Dozens of the firm’s stock and bond funds have limits on the amount of emerging-market securities they can hold, ranging from 15 percent of assets at Pimco Total Return to 50 percent at the Pimco Unconstrained Bond Fund. As of Oct. 14, the caps will no longer apply to “investment grade sovereign debt denominated in the local currency with less than 1 year remaining to maturity,” according to the Sept. 12 filing.
Total Return increased its stake in European sovereign debt by more than 50 percent in the second quarter, adding $4.9 billion of Spanish bonds, $6.1 billion from Italy and $121 million from Greece.

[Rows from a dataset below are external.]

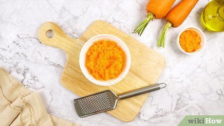 Peel and grate the carrots. Wash 2 carrots thoroughly, then peel them using a vegetable peeler and discard the peel. Use the fine side of a vegetable grater to shred the carrots into thin strips.
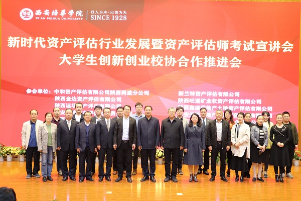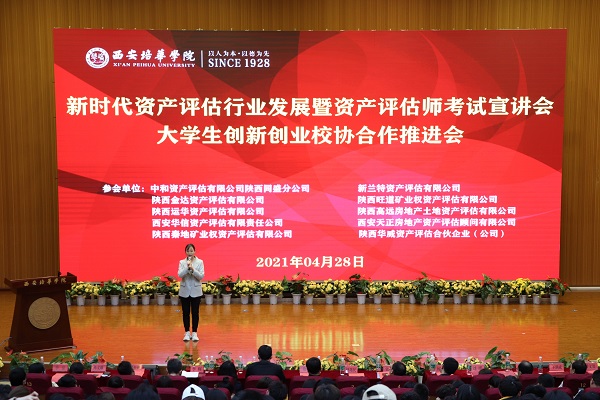 2021年4月28日,一个雨后初晴春光明媚的日子,西安培华学院图书馆报告厅迎来了“新时代资产评估行业发展创新创业校企合作”盛会,陕西省资产评估协会领导、十大评估公司总经理与会计与金融学院师生欢聚于此,探索加强学院产学研工作,深化校协合作交流,拓展学院“双师型”教师的培养路径,实现“育训结合、书证结合”的应用技术型人才培养模式。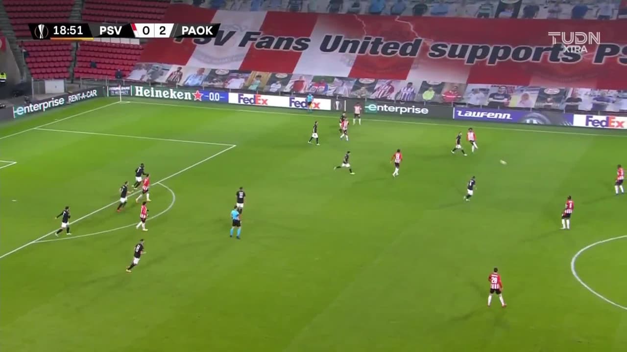 ¡Gol! PSV Eindhoven 1| PAOK Salonika 2. Cody Gakpo (PSV Eindhoven) Disparo con la derecha desde el lado derecho dentro del área.
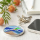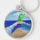 (A pintura é de um anjo verde em uma prancha laranja capturando uma onda. Um sol brilha no fundo e palmeira suavemente se move na praia. A onda está se preparando para cair na praia, suavizando a superfície arenosa. O anjo verde homenageia o Arcanjo Raphael, cuja cor é verde e é conhecido por trazer cura. O sol ajuda a sustentar a vida e através dela plantas como palmeiras se fortalecem e crescem. O poder da energia solar é simbolizado na placa de surfe amarelo-alaranjada. A praia é limpa e suave. Esta pintura foi inspirada pelo "Anjo de Cancer de Limpar". Em vez de adicionar texto a esta pintura, ela foi deixada em aberto para que você possa limpá-la, cavalgar a onda, ou outro ir com mensagem de fluxo para a praia, nuvem ou céu. Produto da venda deste chaveiro de apoio DonnaBellas Angels, uma instituição de caridade sem fins lucrativos 501(c)3.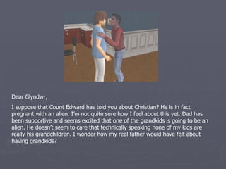 Glyndwr writes to Alfhild updating her on Toren's concerning behaviors. Toren has developed odd habits like insisting he can't sleep until "he comes" but won't say who, sitting with his eyes closed saying it's nothing, and screaming fits that put him in a near panic. Glyndwr is worried about Toren's increasing odd and distressing behaviors but unable to get clear answers from him about what is causing his distress.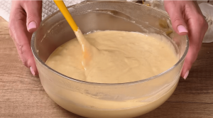 Smjesu pažljivo izmiksajte kako bi se dobila glatka masa bez grudvica. Važno je ne pretjerivati s miješanjem, jer previše rada može uticati na teksturu i učiniti tijesto tvrđim nego što bi trebalo biti. Kada je smjesa spremna, ravnomjerno se izlijeva u prethodno pripremljen kalup.
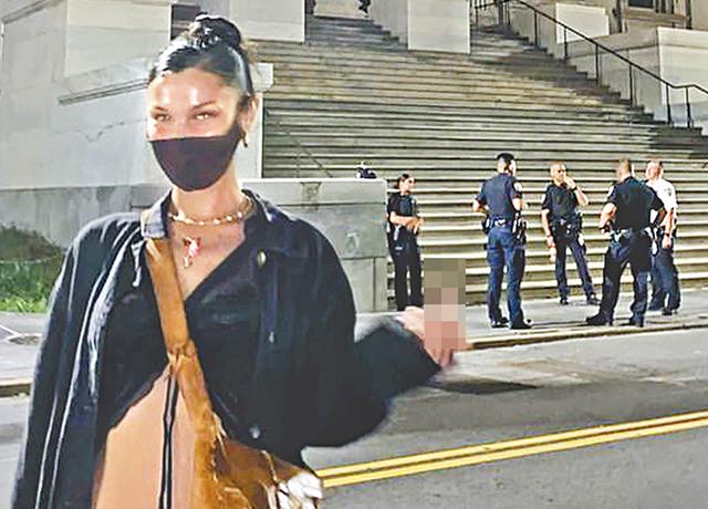 美國名模Bella Hadid有樣有身材,還相當有態度。日前她在紐約街頭,發現一班未有戴口罩的警察聚集,Bella即向他們舉起中指以示不滿。
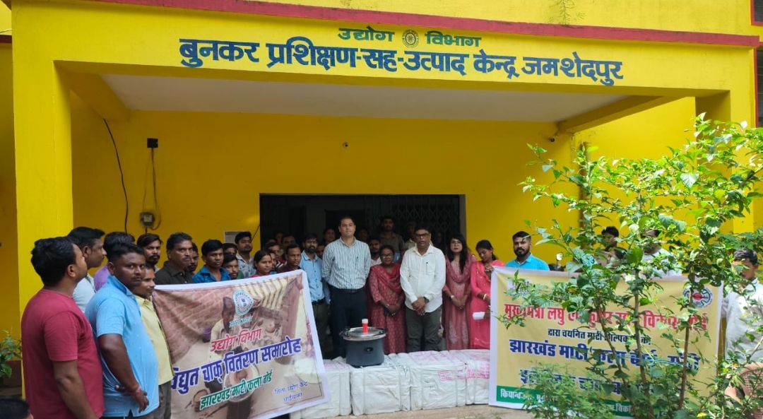 जमशेदपुर (झारखंड)। जमशेदपुर सदर प्रखंड के पुड़ीहासा स्थित बुनकर प्रशिक्षण सह उत्पादन केंद्र में उद्योग विभाग द्वारा झारखण्ड माटी कला बोर्ड एवं मुख्यमंत्री लघु एवं कुटीर उद्यम विकास बोर्ड के तत्वाधान में 90% अनुदान पर 50 विद्युत चाक का वितरण किया गया।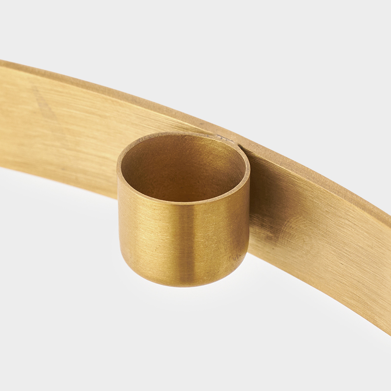キャンドルの炎が真鍮部分に達する前に必ず火を消してください。熱により跡が残る可能性があります。また、点灯中のキャンドルからは絶対に目を離さないでください。ナチュラルな素材で作られた、ミニマルで多機能なキャンドルホルダー。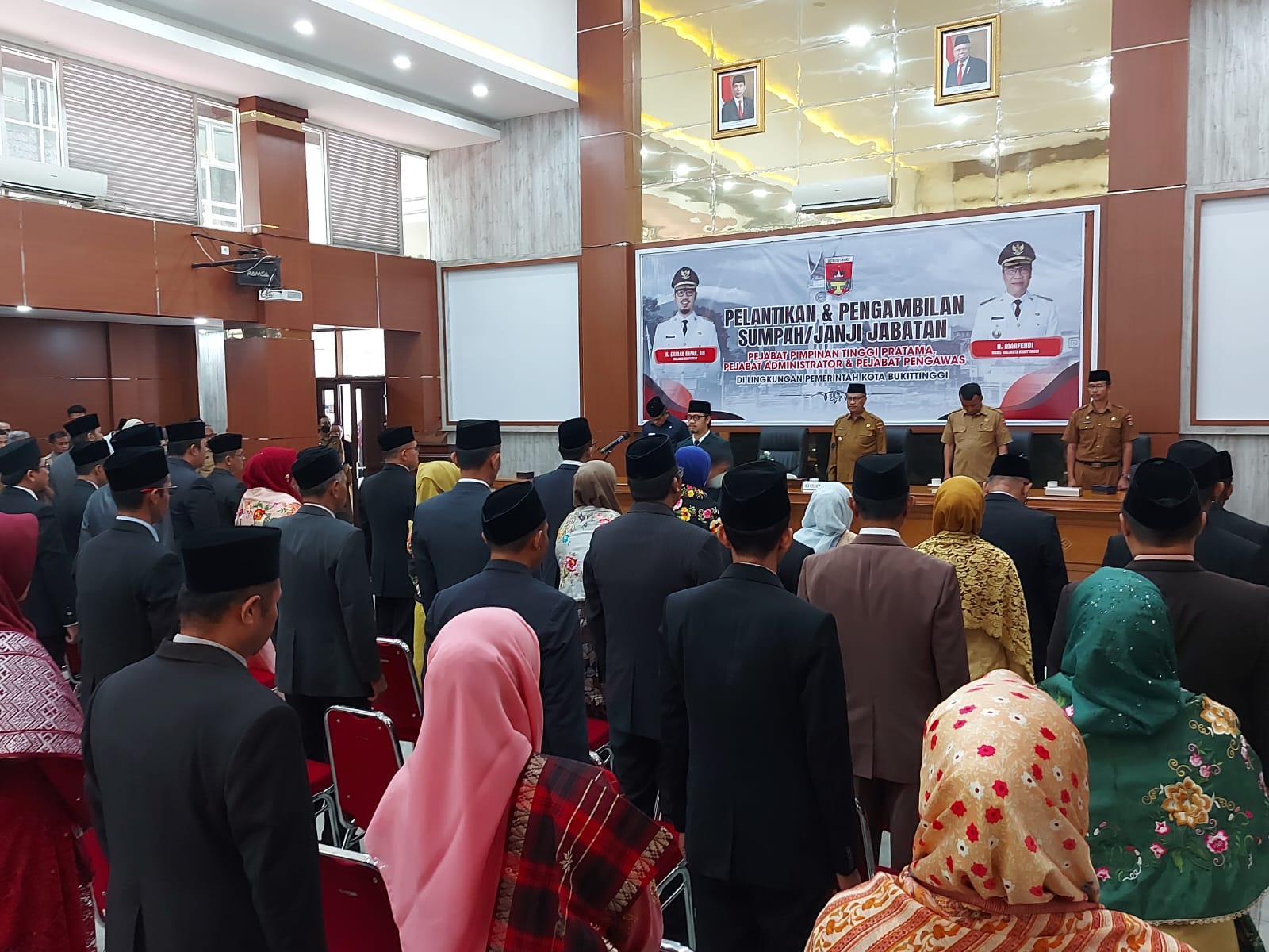 BUKITTINGGI, hantaran.co – Wali Kota Bukittinggi Erman Safar melantik sebanyak 49 orang pejabat di lingkungan Pemko Bukittinggi yang terdiri dari Pejabat Pimpinan Tinggi Pratama, Pejabat Administrator dan Pejabat Pengawas. Pelantikan dan pengambilan sumpah dilaksanakan di Aula Balaikota, Senin (27/6).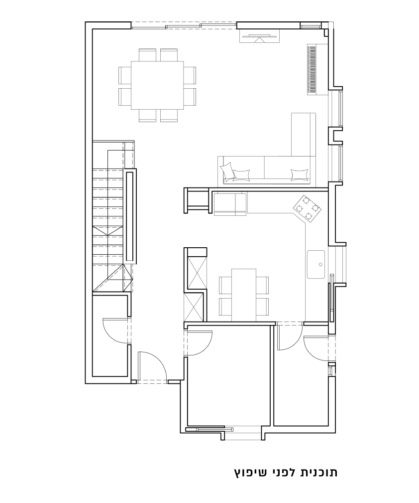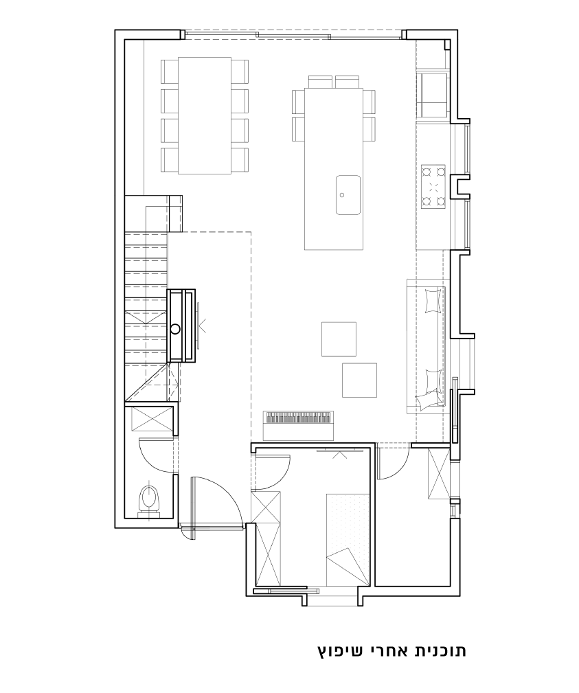 שיפוץ רחב ההיקף בבית פרטי בשכונת אפקה היוקרתית בתל אביב. במסגרת השיפוץ תוכננה ועוצבה מחדש בהתאם לצרכי הלקוח קומת הכניסה. בעלת הבית אוהבת לבשל ולארח ורצתה להפוך את הקומה לחלל מיוחד מזמין ומארח. המטבח הפך להיות לליבת הבית, הוגדל וחובר לפינת האוכל. מבואת הכניסה חוברה אל החלל החדש, המהווה כעת חלל שירות לכלל הבית. הסלון הוגדר מחדש כיחידה עיצובית בעלת שימוש דואלי פרטית וציבורית.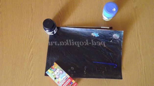 Лист має бути повністю зафарбований мелками.Не шкодуйте крейд:чим краще зафарбований лист,тим більш чітким і яскравим виходить малюнок.

The fund added $5.7 billion of Brazilian sovereigns, raising its holdings to $7 billion.
Gross invested $23.7 billion in an internal cash-management fund and added $8.5 billion in short-term instruments, including $606 million of treasury bills issued by Greece, $6.5 billion of T-bills from Mexico and almost $3 billion of certificates of deposit. The increases were offset in part by a $2 billion reduction in repurchase agreements.
Treasury futures usually trade at a small discount to the value of cash bonds to compensate for the lack of interest payments on the derivative contracts. The discount can widen at times, providing what Pimco quarterly reports call “the opportunity to outperform government securities due to cheapness of futures contracts.”
Such a scenario arose in the second quarter, said Terry Pigott, a principal at Gladstone, New Jersey-based Glacier Peak Capital Management LLC who previously headed U.S. government trading at Daiwa Securities America. As conflicts in Ukraine and the Middle East intensified, investors flocked to the cash market for Treasurys, making them relatively expensive, Pigott said.
“Cash outperformed the futures,” Pigott said in a telephone interview. Pimco is “just looking on a relative value basis, what is the cheapest thing to buy.”